- _Task details_:
Using the listing below, copy exactly each line from the one that has "CUSTOMIZABLE ORGANIZATION: 4" through the one that has "无独有偶,强生也在前一天发布"; omit the pictures.
Exercise materials Start Marker
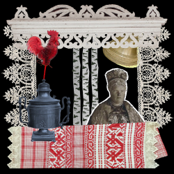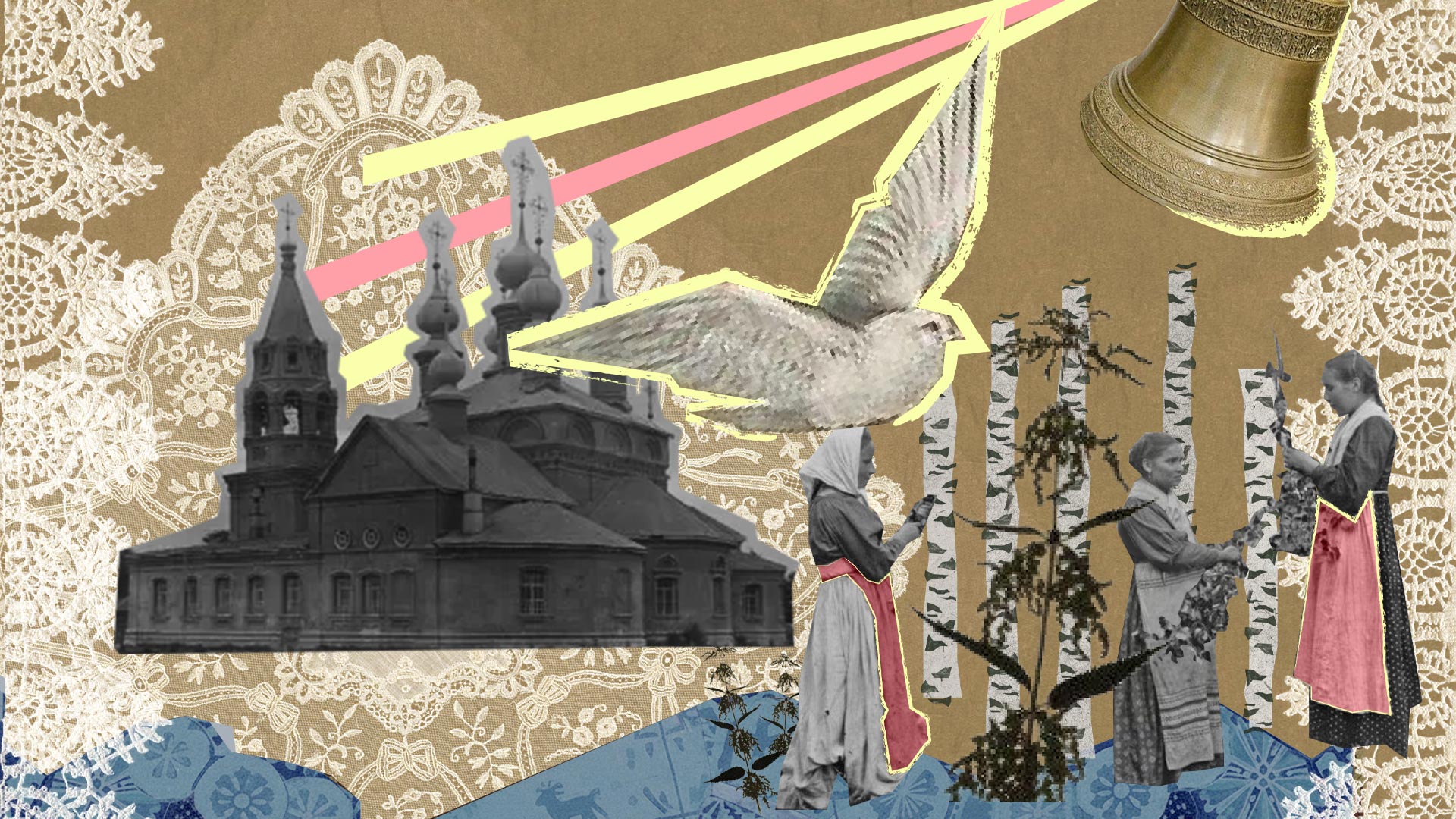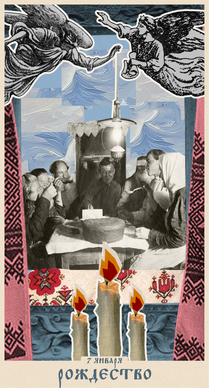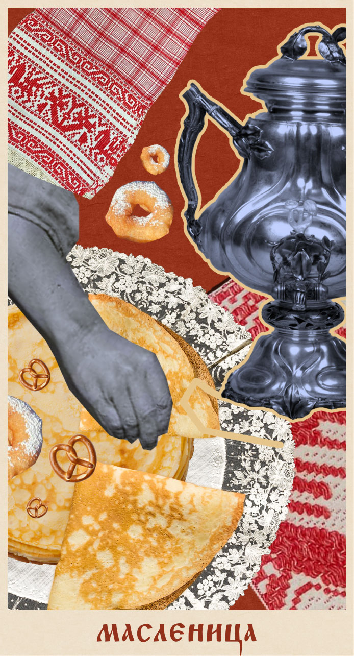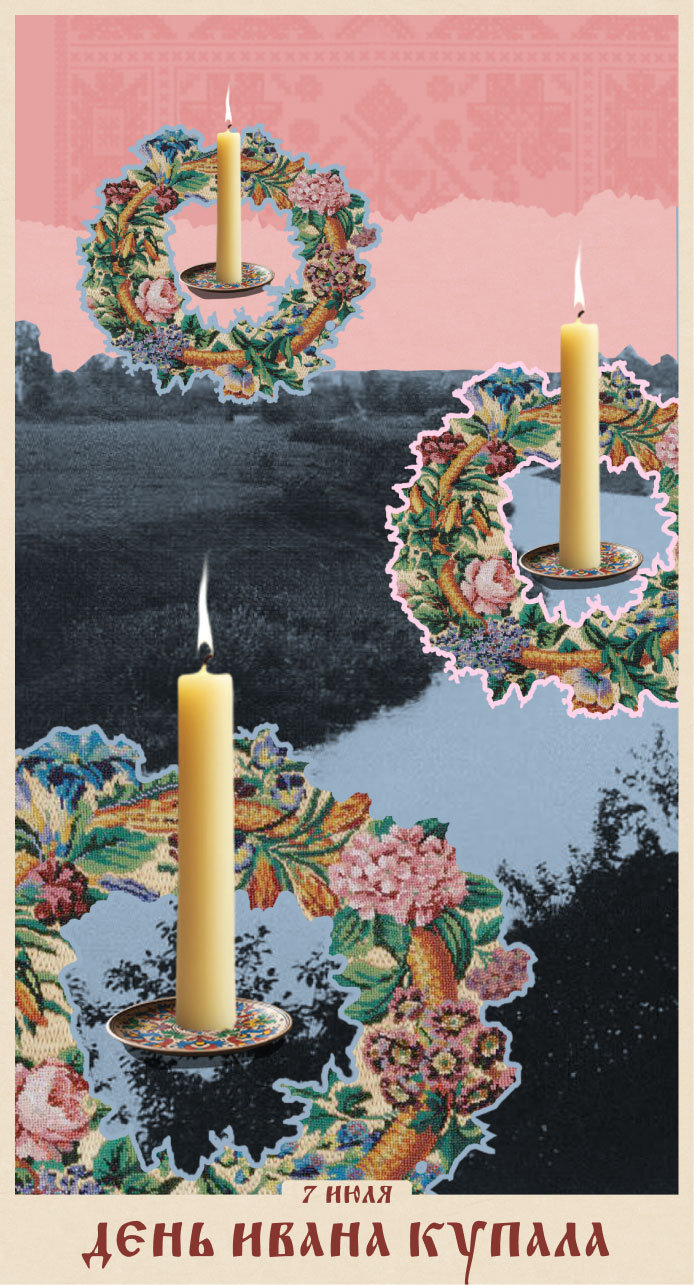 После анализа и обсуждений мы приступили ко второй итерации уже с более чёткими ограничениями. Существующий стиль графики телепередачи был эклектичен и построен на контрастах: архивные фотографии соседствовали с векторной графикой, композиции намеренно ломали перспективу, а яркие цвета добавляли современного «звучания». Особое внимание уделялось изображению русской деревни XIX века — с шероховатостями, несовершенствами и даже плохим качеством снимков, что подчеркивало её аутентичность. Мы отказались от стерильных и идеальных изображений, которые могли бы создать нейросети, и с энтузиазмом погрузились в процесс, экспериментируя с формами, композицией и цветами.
Exercise materials End Marker
Exercise materials Start Marker
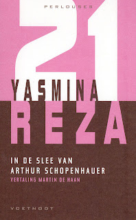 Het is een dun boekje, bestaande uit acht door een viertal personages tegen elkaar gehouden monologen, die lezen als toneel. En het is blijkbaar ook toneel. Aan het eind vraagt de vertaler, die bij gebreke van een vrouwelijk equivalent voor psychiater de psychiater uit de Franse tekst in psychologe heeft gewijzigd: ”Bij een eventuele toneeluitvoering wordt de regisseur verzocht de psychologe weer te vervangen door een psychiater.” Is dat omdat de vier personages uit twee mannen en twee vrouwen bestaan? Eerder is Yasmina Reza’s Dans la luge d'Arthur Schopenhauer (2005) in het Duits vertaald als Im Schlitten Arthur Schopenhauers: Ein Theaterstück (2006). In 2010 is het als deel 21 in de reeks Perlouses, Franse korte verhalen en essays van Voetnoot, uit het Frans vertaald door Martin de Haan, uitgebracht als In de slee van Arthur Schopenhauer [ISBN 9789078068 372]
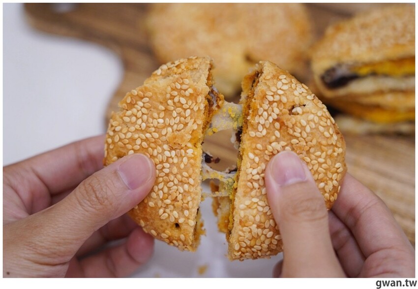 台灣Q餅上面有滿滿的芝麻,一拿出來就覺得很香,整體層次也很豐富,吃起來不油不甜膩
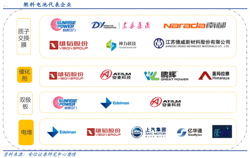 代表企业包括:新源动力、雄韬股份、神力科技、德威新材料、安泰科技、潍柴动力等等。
Exercise materials End Marker
Exercise materials Start Marker
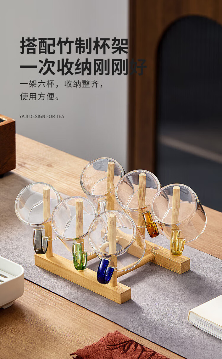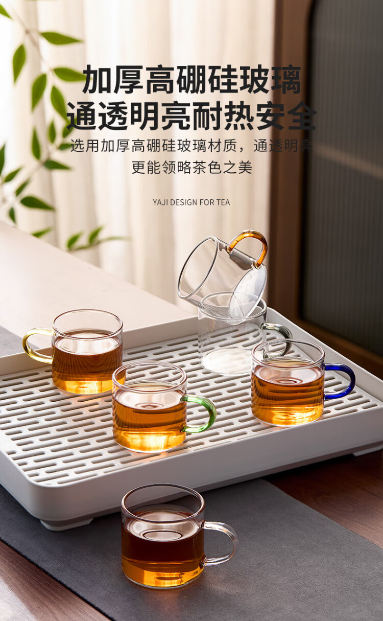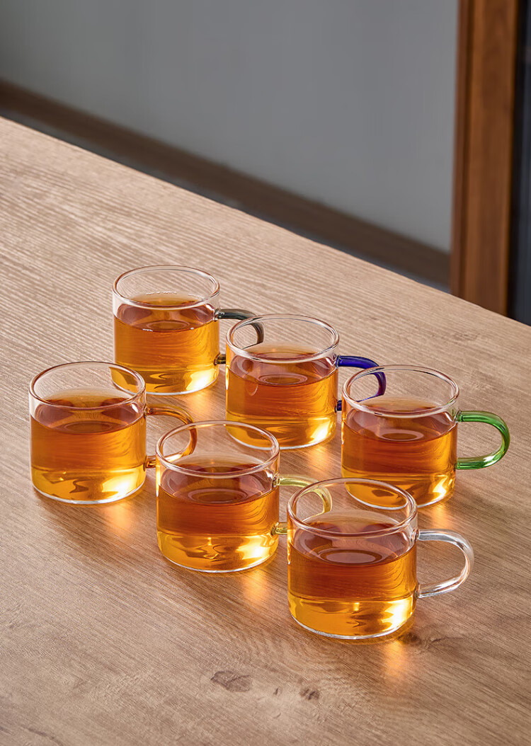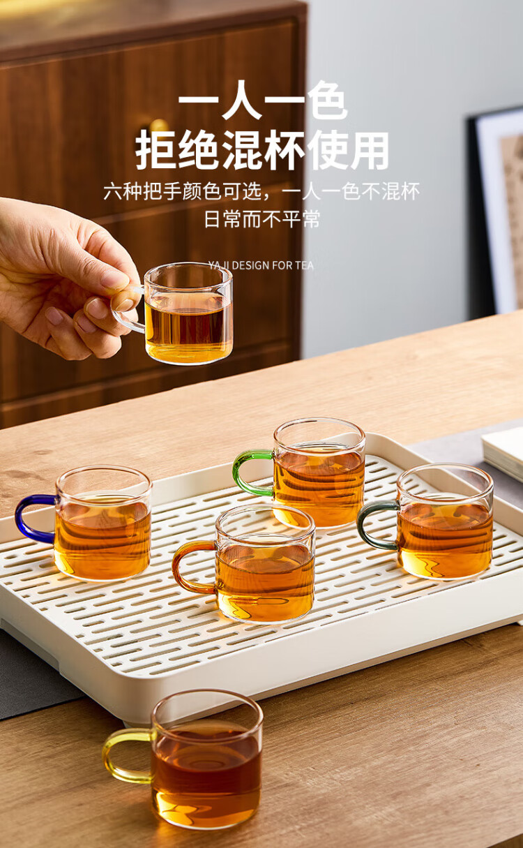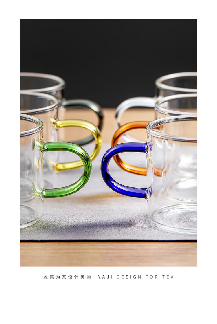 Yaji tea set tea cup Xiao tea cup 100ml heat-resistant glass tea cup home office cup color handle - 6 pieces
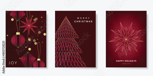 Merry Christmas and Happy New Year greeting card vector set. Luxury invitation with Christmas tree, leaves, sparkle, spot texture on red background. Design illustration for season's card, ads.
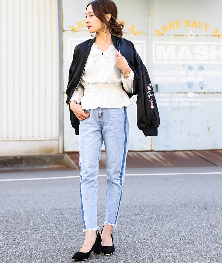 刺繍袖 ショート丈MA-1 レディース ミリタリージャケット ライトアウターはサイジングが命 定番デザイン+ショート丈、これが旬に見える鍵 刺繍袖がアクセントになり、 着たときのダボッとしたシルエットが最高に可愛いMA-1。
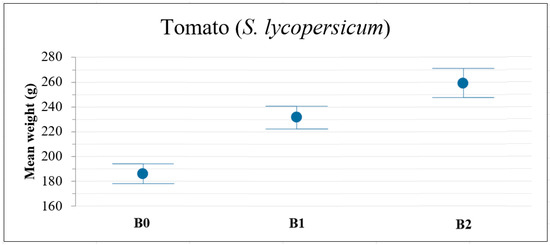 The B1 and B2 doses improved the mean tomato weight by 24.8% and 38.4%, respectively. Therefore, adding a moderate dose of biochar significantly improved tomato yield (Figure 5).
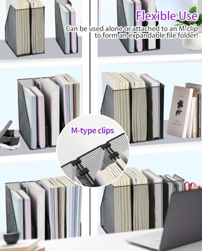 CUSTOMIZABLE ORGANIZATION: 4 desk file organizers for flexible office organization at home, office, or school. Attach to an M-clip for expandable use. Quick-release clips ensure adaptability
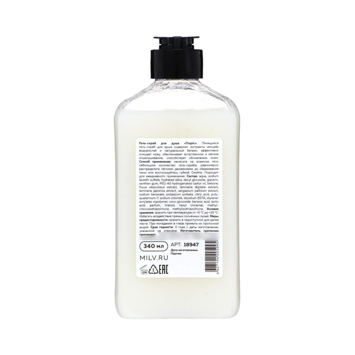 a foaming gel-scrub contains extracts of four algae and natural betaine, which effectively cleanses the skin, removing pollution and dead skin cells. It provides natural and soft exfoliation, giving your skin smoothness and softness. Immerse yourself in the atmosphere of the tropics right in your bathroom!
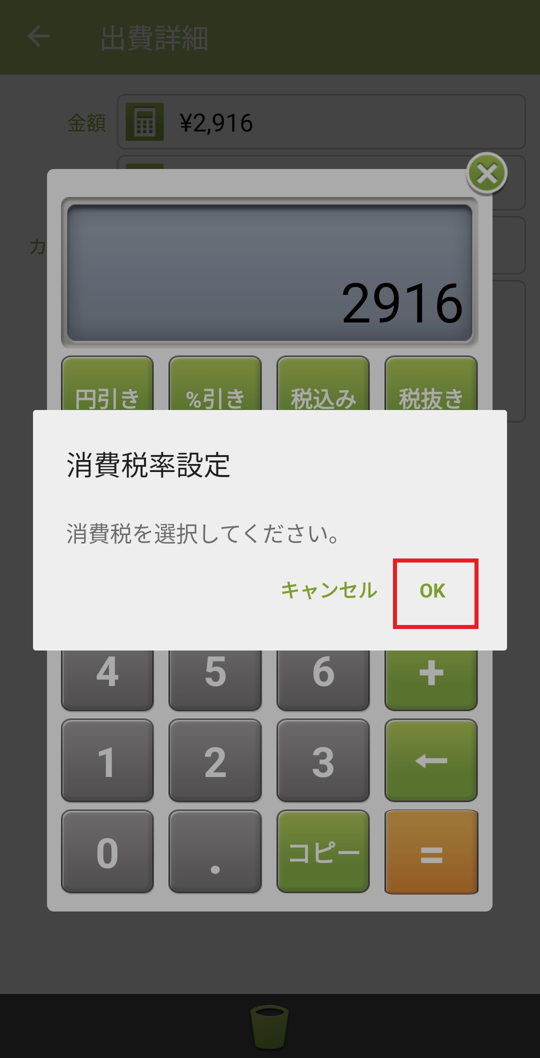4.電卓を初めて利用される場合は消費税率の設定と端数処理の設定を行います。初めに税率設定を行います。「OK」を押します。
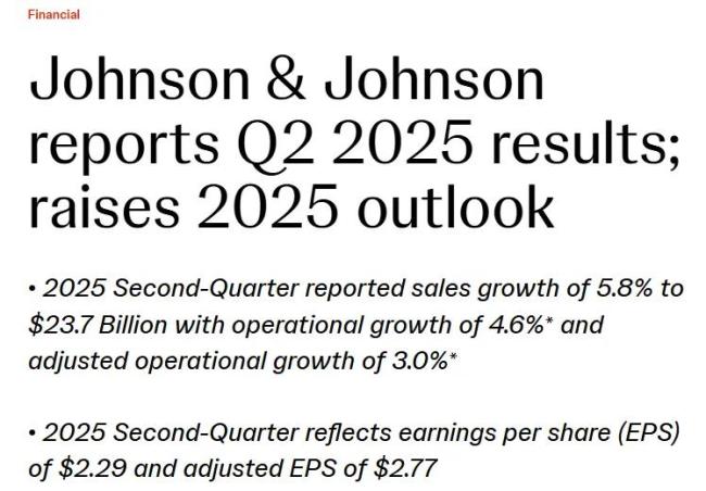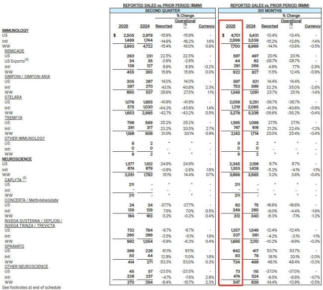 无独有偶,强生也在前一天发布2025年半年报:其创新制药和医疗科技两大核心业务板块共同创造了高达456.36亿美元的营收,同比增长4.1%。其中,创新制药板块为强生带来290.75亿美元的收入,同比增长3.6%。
Exercise materials End Marker
- _Response box_:
 CUSTOMIZABLE ORGANIZATION: 4 desk file organizers for flexible office organization at home, office, or school. Attach to an M-clip for expandable use. Quick-release clips ensure adaptability
 a foaming gel-scrub contains extracts of four algae and natural betaine, which effectively cleanses the skin, removing pollution and dead skin cells. It provides natural and soft exfoliation, giving your skin smoothness and softness. Immerse yourself in the atmosphere of the tropics right in your bathroom!
4.電卓を初めて利用される場合は消費税率の設定と端数処理の設定を行います。初めに税率設定を行います。「OK」を押します。
 无独有偶,强生也在前一天发布2025年半年报:其创新制药和医疗科技两大核心业务板块共同创造了高达456.36亿美元的营收,同比增长4.1%。其中,创新制药板块为强生带来290.75亿美元的收入,同比增长3.6%。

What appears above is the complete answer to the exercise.